Tokyo Gas plans to leverage technological assistance from U.K. energy giant Centrica under a new partnership as the Japanese utility battles to keep its turf from eroding further in a liberalized market.
The two companies signed a memorandum of understanding in December, Tokyo Gas President Takashi Uchida said in an interview with Nikkei.
"We hope each of us floats ideas and collaborates in a broad range of fields," Uchida said.
Centrica, the No. 1 gas company in the U.K., also engages in power generation and retail sales of electricity, serving about 27 million customers. One of the "big six" energy suppliers in the country, it has been focusing on digital technology, analyzing electricity consumption data from smart meters to efficiently provide power and gas service to residential customers.
Tokyo Gas wants to collaborate with Centrica on artificial intelligence and digital technology to optimize its operation of liquefied natural gas terminals and power plants. It will also consider rolling out electronic bill payments and working on smartphone-based services for consumers.

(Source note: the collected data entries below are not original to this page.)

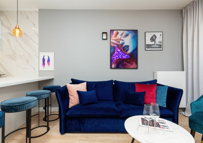 The flat is located on the first floor with a view of a quiet patio. It consists of two rooms, a bathroom with a toilet, and a hall. Beautifully arranged, the flat was designed by an architect with attention to every detail. Fully furnished. Ready to move in. The photos attached to the offer do not reflect the charm of the flat. The flat has a large loggia which can be accessed from the living room and bedroom. In front of the building there are parking spaces, publicly available in the parking zone.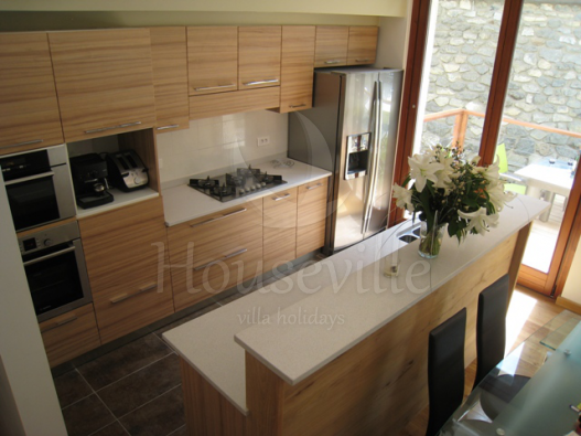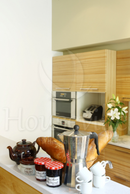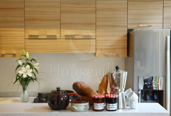 - На кухне: газовая плита с 5 конфорками, духовка, посудомоечная машина, микроволновая печь, тостер, чайник и кофеварка;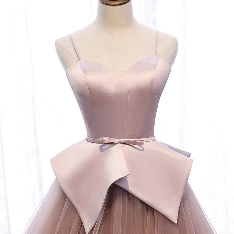 Spaghetti Straps Dusty Pink Prom Dresses Satin and Tulle Evening Gowns with Lace Up Formal Party Gowns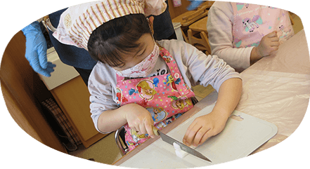 栄養士:毎日、安心安全で「おいしい!」と言ってもらえる給食を作る事を調理室一同心がけております。一人ひとりが食に興味を持ち「食の大切さ」を学べる食育を行なっていきたいと思います。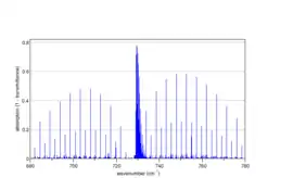 ![]() Спектр коливань на розтяг-стиснення C-Cl зв'язку в CH3Cl (паралельна смуга), розрахований програмою Spectralcalc[10] |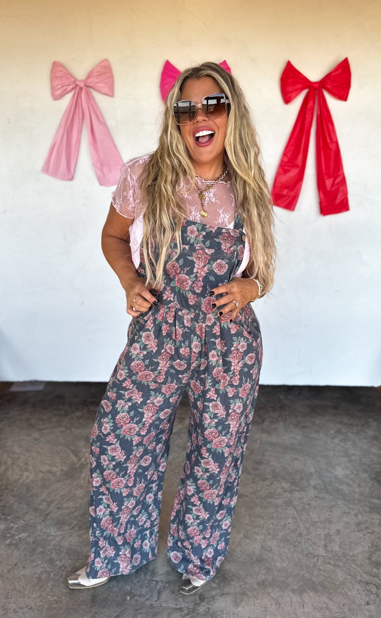 New floral print overalls! Printed on our super popular STRETCH denim fabric!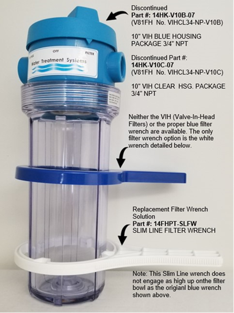 You will need to order the Slim-Line Filter Wrench, part number 14FHPT-SLFW. It works on the bowls which have a smaller diameter. However, the Slim Line wrench it will not engage as high up on the filter bowl as the original blue filter wrench for the VIH series as shown in the photo.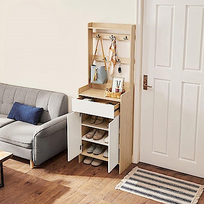 hoi! 林氏木業美式現代小戶型附掛勾雙門對開0.6M鞋櫃 JS2N-A 原木色+白色 (H014287806)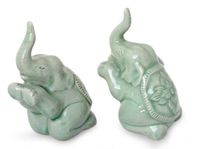 Green Celadon Ceramic Sculptures Pair 'Elephant Prayer' Item ID: 2669897441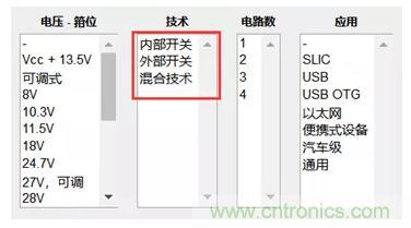 你可以訪問Digi-Key浪涌抑制IC,選擇相關(guān)的器件。Digi-Key網(wǎng)站提供豐富的參數(shù)選項供選擇,下圖中「外部開關(guān)」指的是器件外部需要另加開關(guān)(比如MOS管),而該芯片一般是起到控制作用。而「內(nèi)部開關(guān)」指的是保護(hù)電路的開關(guān)在芯片的內(nèi)部。
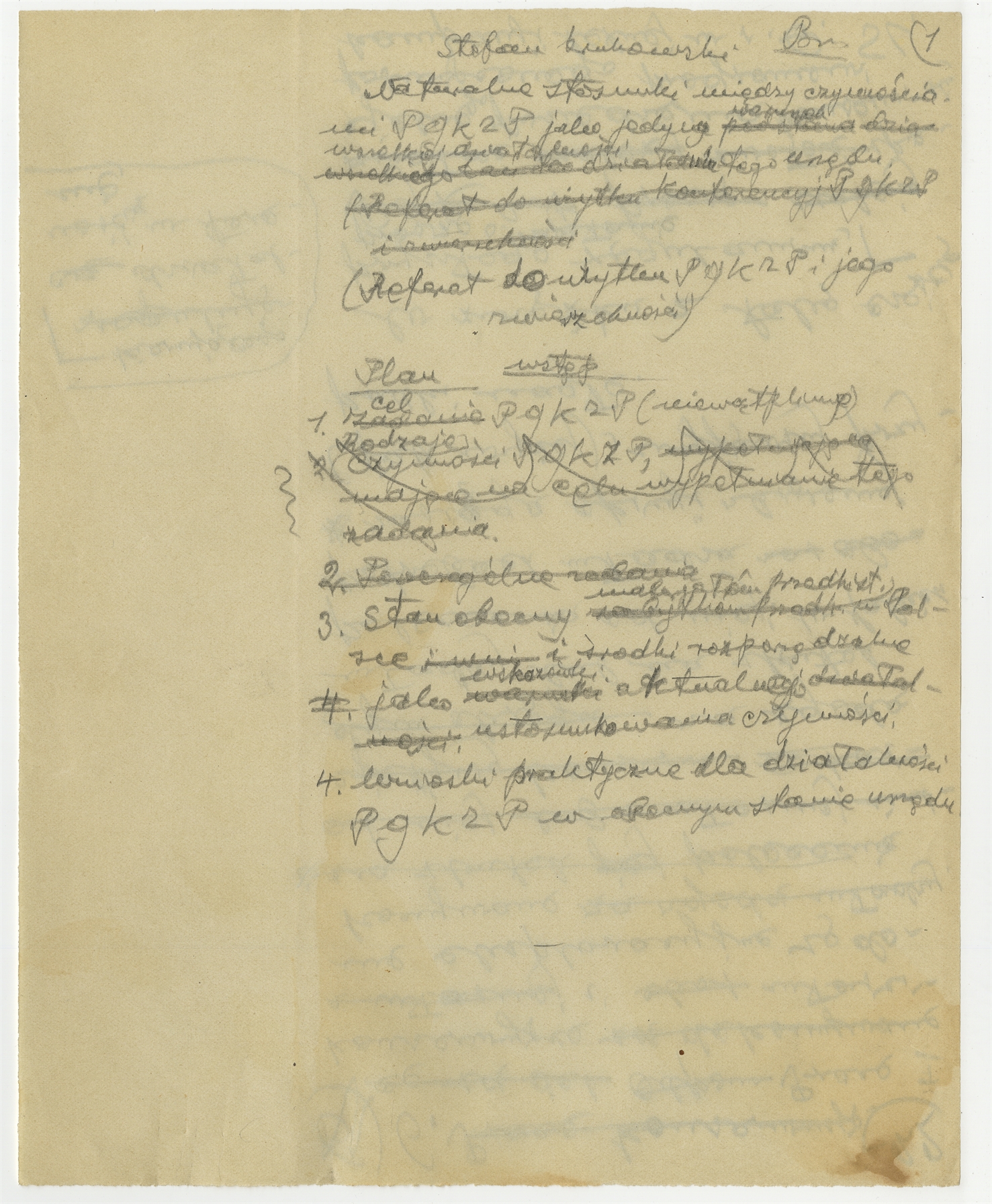 Rękopis - brudnopis pracy "Naturalne wzajemne ustosunkowanie czynności PGKZP jako podstawa działalności tego urzędu (Referat dla użytku PGKZP i jego zwierzchności)" - strona 23: "Plan"
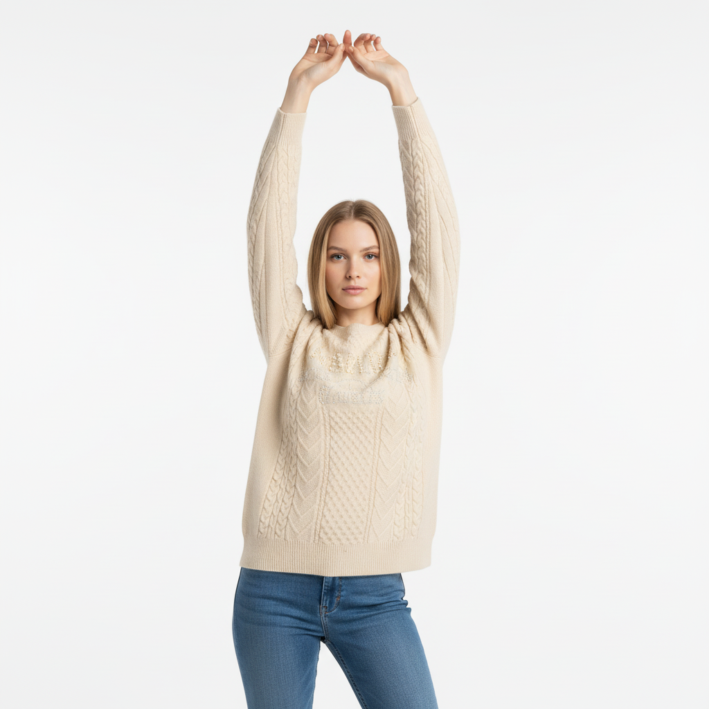 - Soft loose-fit beaded letter knit sweater for comfortable, stylish, and versatile streetwear in cool seasons.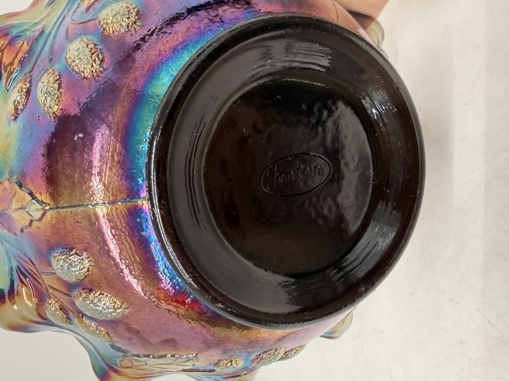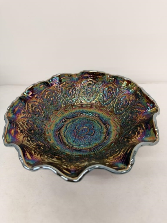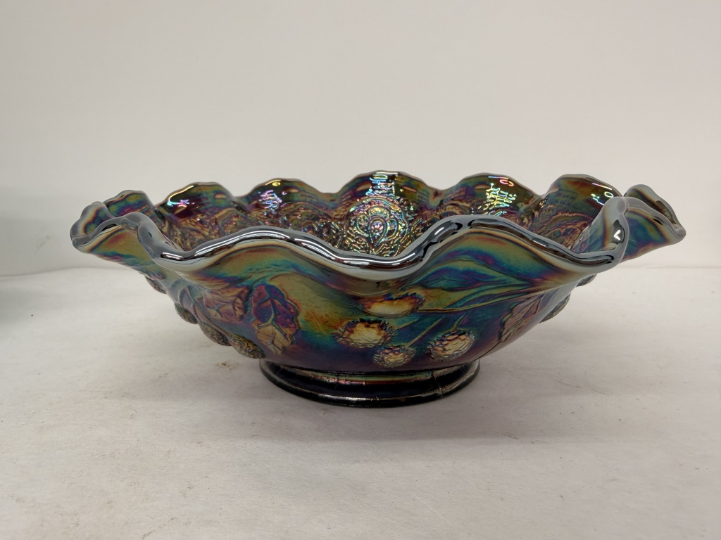 PURPLE IRIDESCENT RUFFLE CARNIVAL GLASS BOWL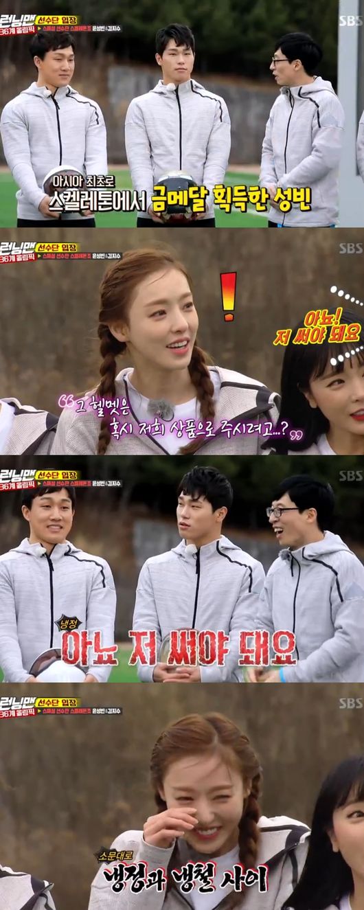 1일 방송된 SBS '런닝맨'에서는 스켈레톤 선수 윤성빈, 김지수 출연했다. 유재석은 "경기가 끝나고 윤성빈 선수가 자신의 경기를 많이 돌려봤다는데.."라고 물었다. 윤성빈은 "경기 분석을 위해 봤다"고 말했고, 김지수는 "보면서 '나 멋있지 않냐'라는 말을 했다"고 말해 웃음을 유발했다.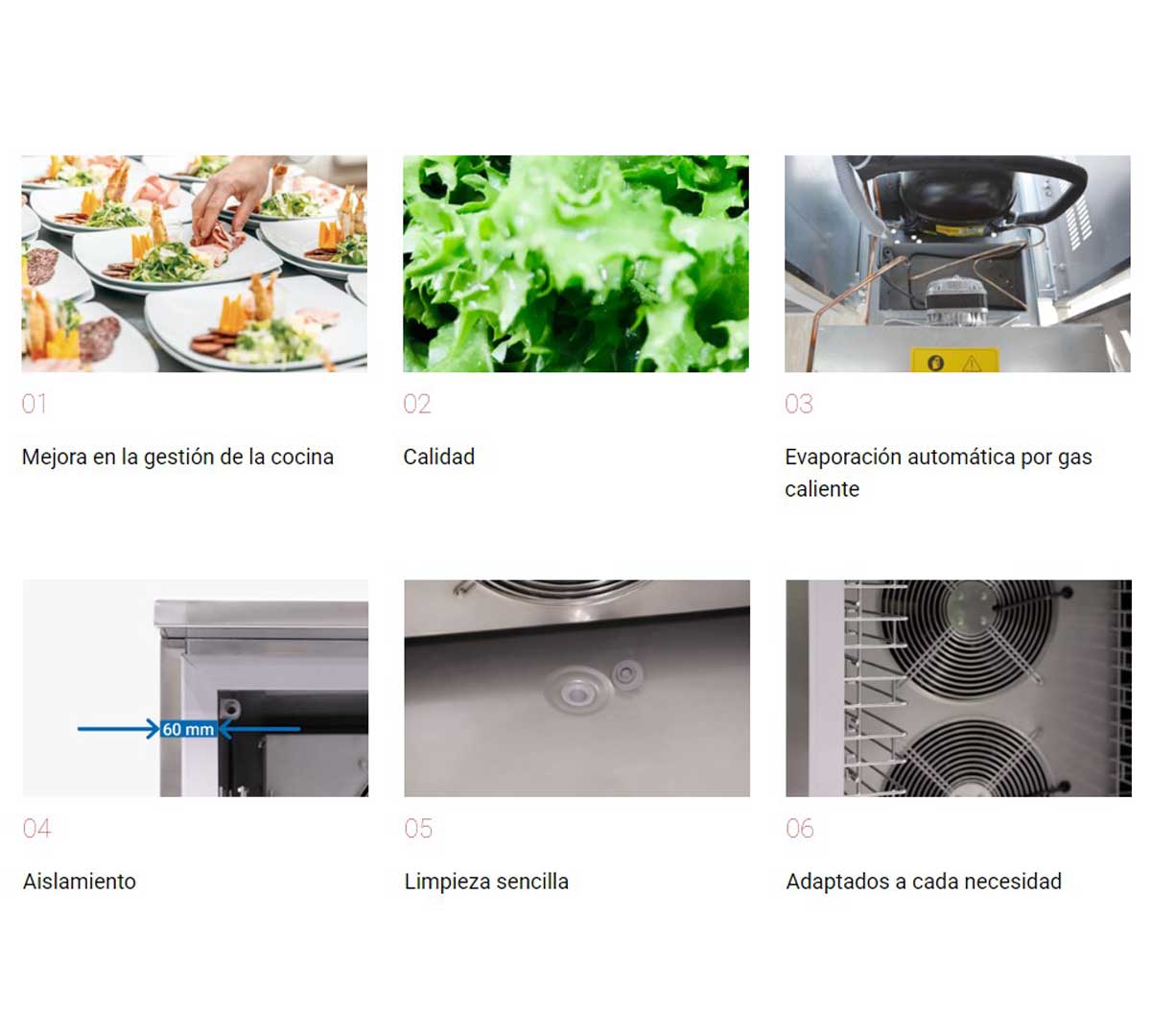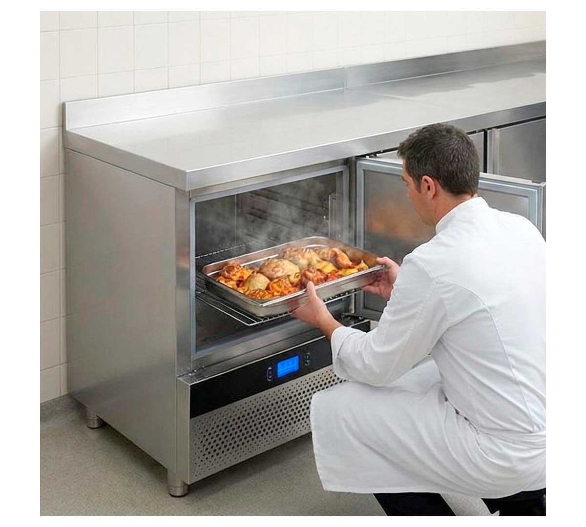 Abatidor de temperatura con panel electrónico con ciclos de enfriamiento y congelación controlables por tiempo o por temperatura. Está disponible en tres tamaños con producción de abatimiento de 40 a 100 kg. Incluye sonda de aguja para controlar la temperatura al corazón.

The two already have a partnership that includes joint LNG procurement in Mozambique. In addition, under a swap arrangement, Tokyo Gas ships LNG from the U.S. to Europe and in return gets LNG produced in Asia from Centrica. They have swapped several vessels worth of natural gas.
The deal "reduces travel distances and thus cuts procurement costs," Uchida said.
Tokyo Gas is fighting in an intensely competitive market around the Japanese capital after the 2017 deregulation of the retail city gas industry.
The company recently lost 650,000 customers to rivals like the alliance of Tokyo Electric Power Co. Holdings and Nippon Gas. And the city gas market is about to grow even more crowded, with JXTG Nippon Oil & Energy set to enter next month.
"The environment is expected to remain competitive, so we have to stay on guard," Uchida said.
Tokyo Gas aims to keep domestic customers by stepping up bundled sales of gas and electricity. It also seeks to increase its service lineup overseas to lift profits.